As for my tax returns: I have filed for every year, and my exposure is indeed $0 or less. 

If I do get some kind of question regarding the returns at some point in the future, I will be sure to post it back here for others to be aware of. Hopefully that will not happen though. 

Thanks for your response!

Cheers, 

Ran


----------



## BBCWatcher

ranbjornelid said:


> 1) I've run the numbers, and there are no taxes owed (the IRS might possibly even end up owing me a few hundred dollars, but I don't think it's worth it to go down that path for such little money)


It's up to you, but a few hundred dollars would be worth my time, for a relatively simple, straightforward amendment anyway.



> ....it's simply not worth it to amend for this reason, and also, it would just attract unnecessary interest.


Unnecessary interest? If you're legally owed a refund you're legally owed a refund. Nothing whatsoever wrong with that. Moreover, with cross-border account reporting these days, the failure to report the accounts is potentially more "interesting." Or having a discrepancy between FinCEN Form 114 and your tax return -- that's potentially "interesting."

Claiming Foreign Tax Credits is among the most popular reasons to file an amended tax return. A perfectly neat, tidy, and matching tax return is the least "interesting" to tax authorities everywhere.


----------



## Tungfa

Hi Everyone,

I just discovered and read this thread with great interest, as my situation is almost identical to Ranbjornelid's; just substitute German in place of Swedish.
My aggregate foreign accounts were 60k, I filed returns, but never reported income or checked 'yes' to foreign accounts on schedule B. I have completed (but not yet not filed) 3 years of amended returns with approx. $200 of foreign income each year, but I owe zero tax (IRS actually owes me $5!!!)
I filed my 2014 FBAR on time.

I am a bit concerned about how to move forward and have questions about the following:

1. If I simply file the 6 late FBARs and check the box "didn't know" as suggested, wouldn't this, and my first-time 2014 FBAR filing, raise a red flag and trigger an audit? Wouldn't there be a significant risk of IRS non-willful FBAR penalties?

2. If I do not file amended returns, wouldn't the IRS cross-reference the late FBARs with the corresponding returns to see if income from the foreign accounts was reported and taxes paid?

3. What about the option of simply complying going forward?

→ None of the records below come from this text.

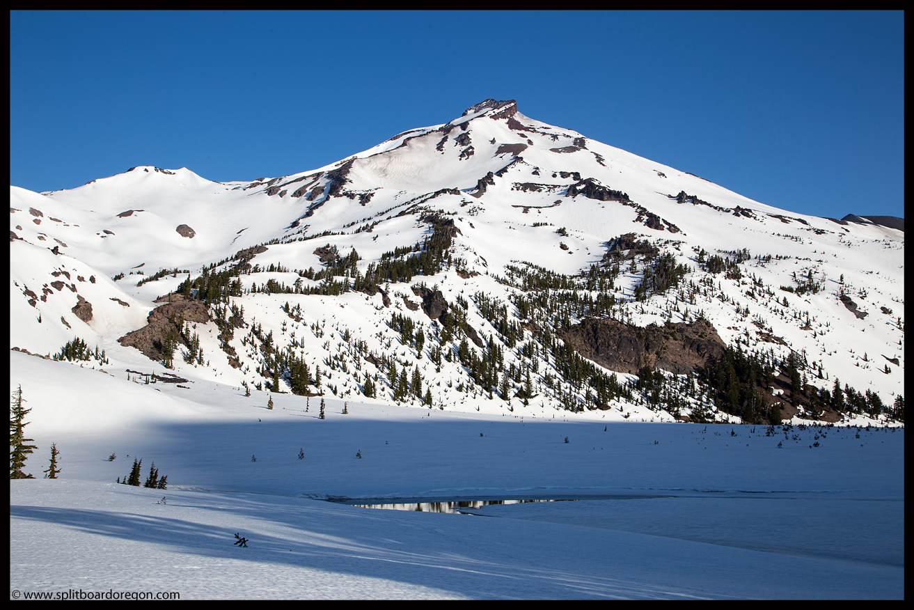 The Prouty Headwall is a line I’d been wanting for a few years, and with the weekend’s forecast calling for high pressure and warm temperatures, the timing looked right to give it a try. I left work on Friday around 11:00, and stopped at Odell Lake to pick up Dan, who’d spent the night at his cabin after several days of skiing around Mt Lassen. After loading gear in my Suby, we hit the road and arrived at the trailhead at 1:30, and found Joe already there. A short time later, with gear packed, we set out for Green Lakes to camp for the evening….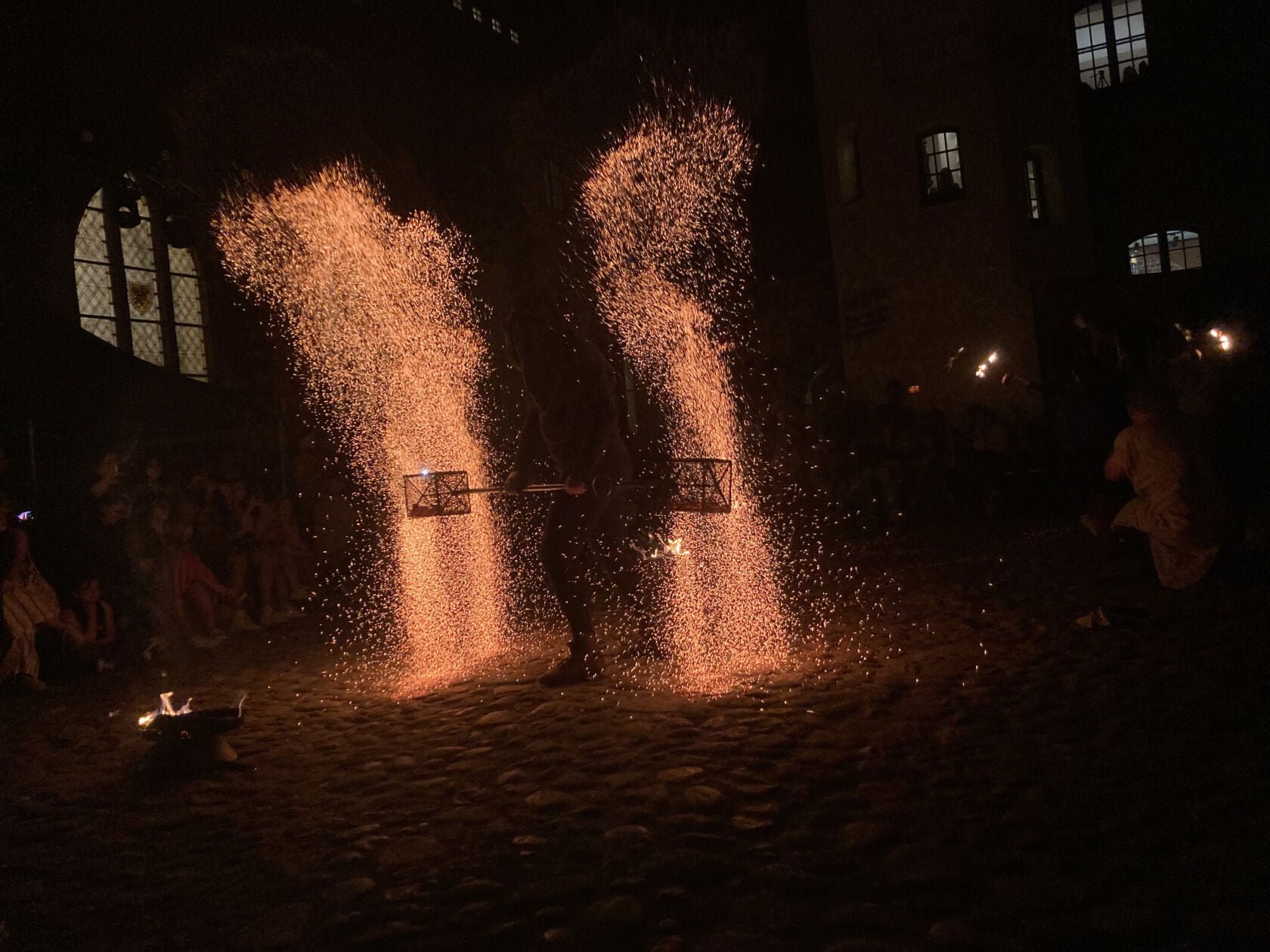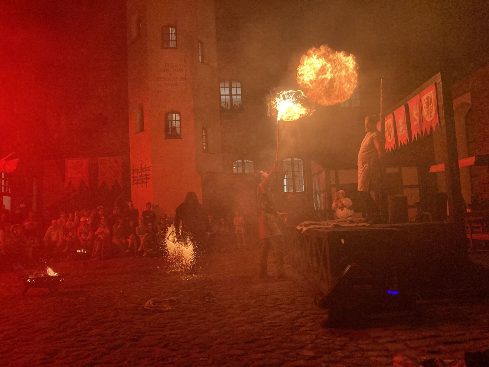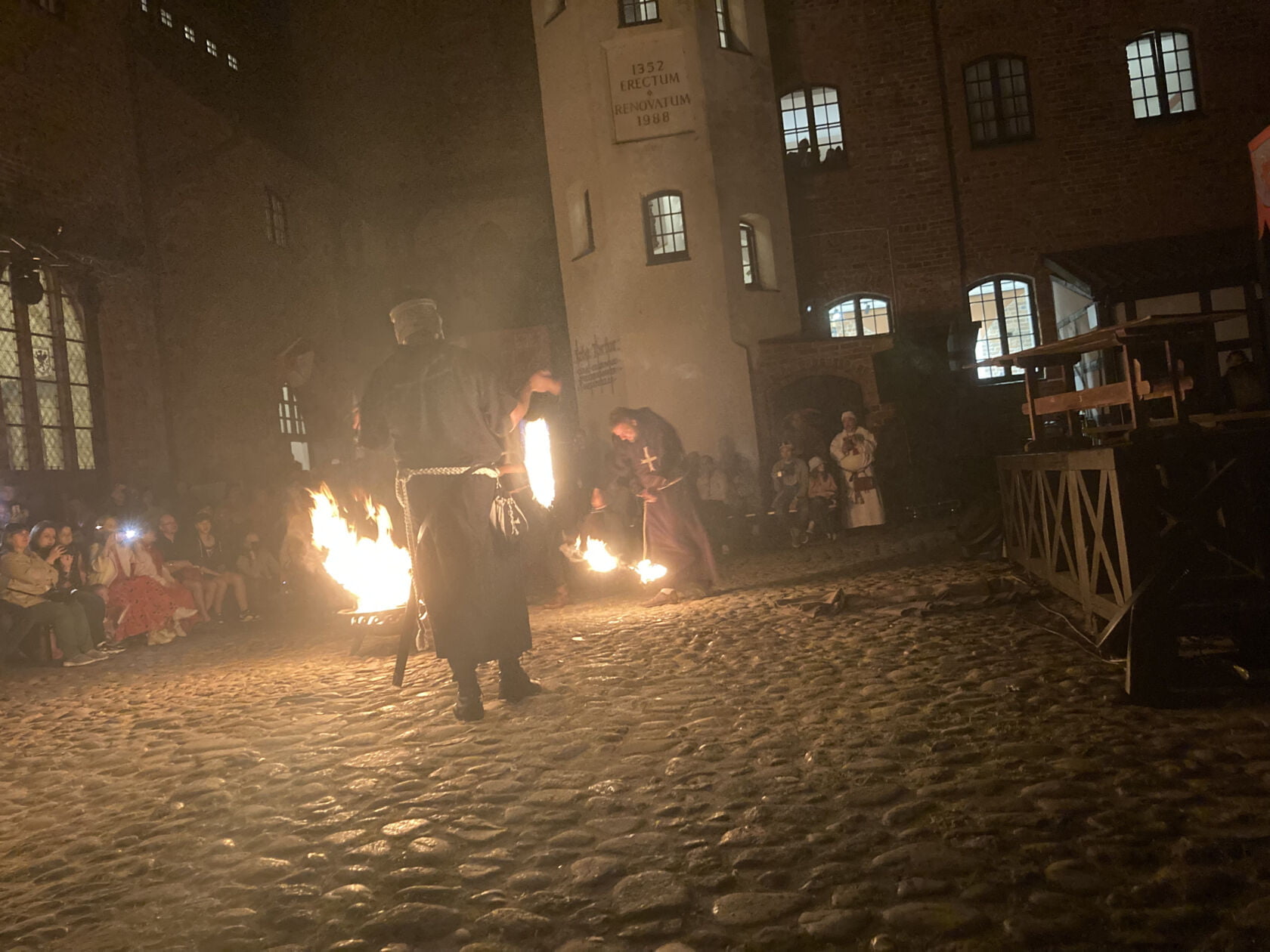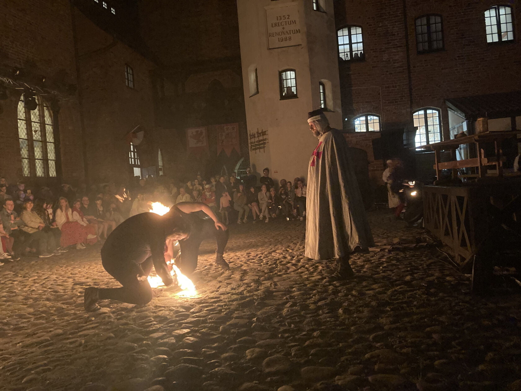 Zwieńczeniem Nocy Muzeów był widowiskowy teatr ognia. Grupa APostFire przedstawiła inscenizację aresztowania, procesu i spalenia na stosie Jakuba de Molay, Ostatniego Wielkiego Mistrza Zakonu Templariuszy.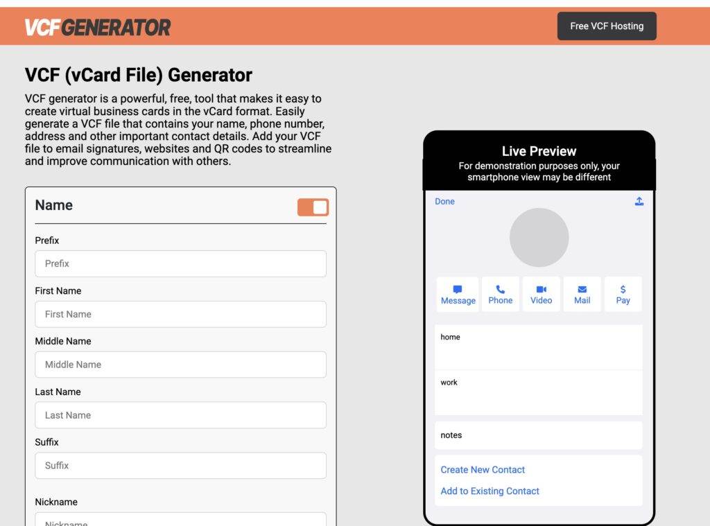 Next to create a virtual business card in the vCard format, [VCFgenerator](https://www.vcfgenerator.com/) is a powerful and free tool that can help.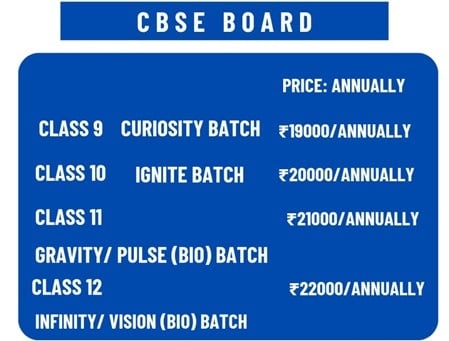 Fee Details for CBSE Board Academic Coaching classes for class 9, 10, 11 & 12.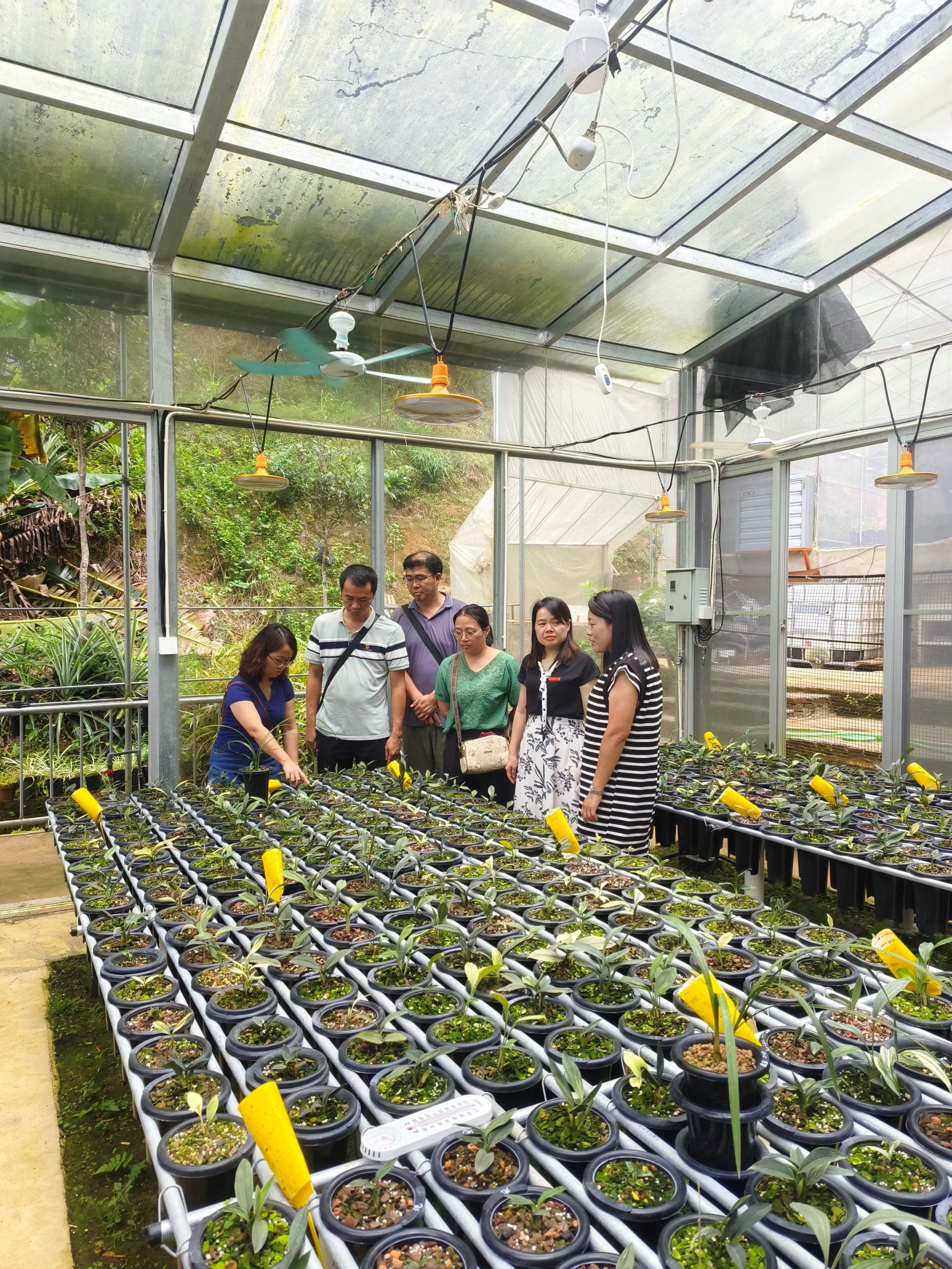 座谈会后,总经理曾玉珍带领我院领导和老师参观兰花种植大棚、中草药种植园区和产品展厅等。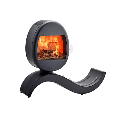 Печь-камин Scan 66-5 S, модель установлена на пьедестале-волне, мощностью 5 кВт, рассчитана на обогрев помещений площадью до 100 м 2.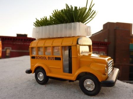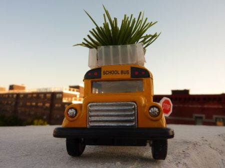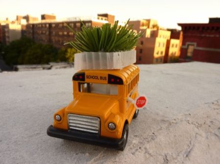 作为城市的主要的交通工具,公交车每天向空气中排放着大量的污染气体。来自美国的环境保护组织和环保人士发起了一项名为“绿化公交”的运动,他们在一些城市的公交车顶部种植了一种缓慢生长的肉质植物和小花,以此来吸收废气,绿化环境。如果整座城市的几千辆公交车都参与到这项活动中,或许城市的热岛效应将会有所缓解。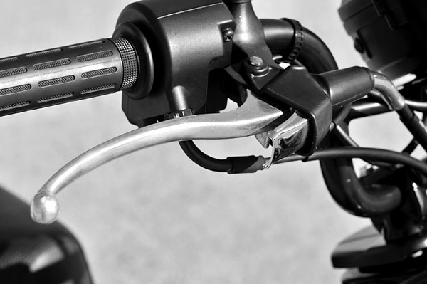フロントブレーキレバーのマウントには押さえが装備してあり、操作することでレバーを固定し、パーキングブレーキとなる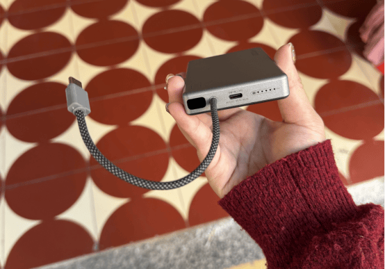 倍思这款的优势主要体现在便携体验上。机身厚度控制得比较克制,放进口袋或小挎包不容易顶出轮廓,日常随身携带负担不大。自带Type-C编织线使用频率很高,既能给手机充电,也能给充电宝本体回充,减少了“带线—收线”的来回操作。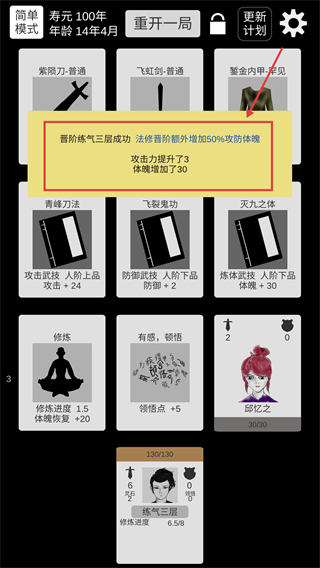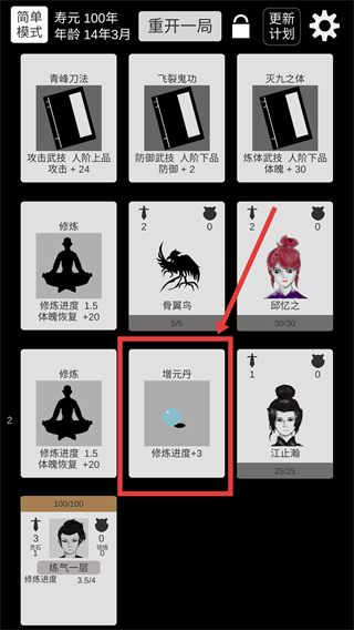 2、使用【增元丹】能快速增加修炼进度,每次提升3点进度有效缩短修炼周期推进境界。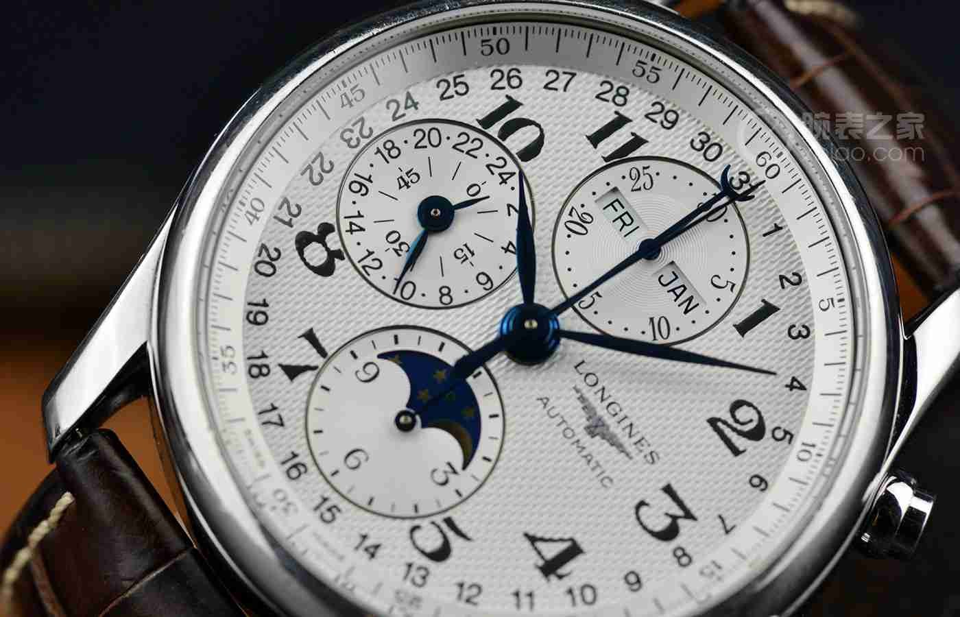 表盘9点位置设24小时表盘,6点位置设月相显示功能和12小时计时表盘,12点位置设30分钟计时表盘,并配备星期与月份显示窗。

In some ways this seems less risky?

Like the original poster, entering the Streamlined Domestic program doesn't sit too well with me.
However, I am concerned about being audited and having to spend a disproportionate amount of time, effort and money to prove non-willfulness, etc. to waive penalties.
Any comments or insights you have would be greatly welcomed.

Cheers to All.


----------



## Bevdeforges

OK, this is my take on your situation. You will get other points of view.



> 1. If I simply file the 6 late FBARs and check the box "didn't know" as suggested, wouldn't this, and my first-time 2014 FBAR filing, raise a red flag and trigger an audit? Wouldn't there be a significant risk of IRS non-willful FBAR penalties?


With a whopping $60K in total foreign accounts, frankly, no. You're really small potatoes as far as the IRS is concerned. It's very possible to have $60K in foreign accounts and not make enough income to even have to file. It shouldn't trigger an audit, unless something way more significant has come to the IRS' attention.


> 2. If I do not file amended returns, wouldn't the IRS cross-reference the late FBARs with the corresponding returns to see if income from the foreign accounts was reported and taxes paid?


Again, they probably won't bother cross referencing unless something much more incriminating comes to light.



> 3. What about the option of simply complying going forward? In some ways this seems less risky?


Up to you. Given that this is the first year that Treasury is getting the FATCA data from the foreign banks (if your foreign bank has you i.d.'d as a US person and has your SS number) this could be the ideal time to just start complying going forward. But the risk either way is yours to take or not.
Cheers,
Bev


----------



## BBCWatcher

We have not heard of anyone getting penalized for filing late FBARs that are voluntary, unprompted, truthful, and with an adequate (and truthful) explanation (e.g. "I didn't know"). As Bev alludes to, that happy situation may end with FATCA data sharing kicking in.


----------



## Tungfa

Thank you both so much for your quick responses - much appreciated!

I guess my fear is the IRS's continuing threat they are going after "quiet disclosures". Although small, 50k seems to be some kind of threshold.


----------



## Bevdeforges

The $50K figure is a "threshold" mentioned in several of the bilateral agreements on the amounts the banks are supposed to be reporting. But there is no particular reason to think that this is a significant figure when it comes to investigating those who have or haven't reported accounts in the past.
Cheers,
Bev


----------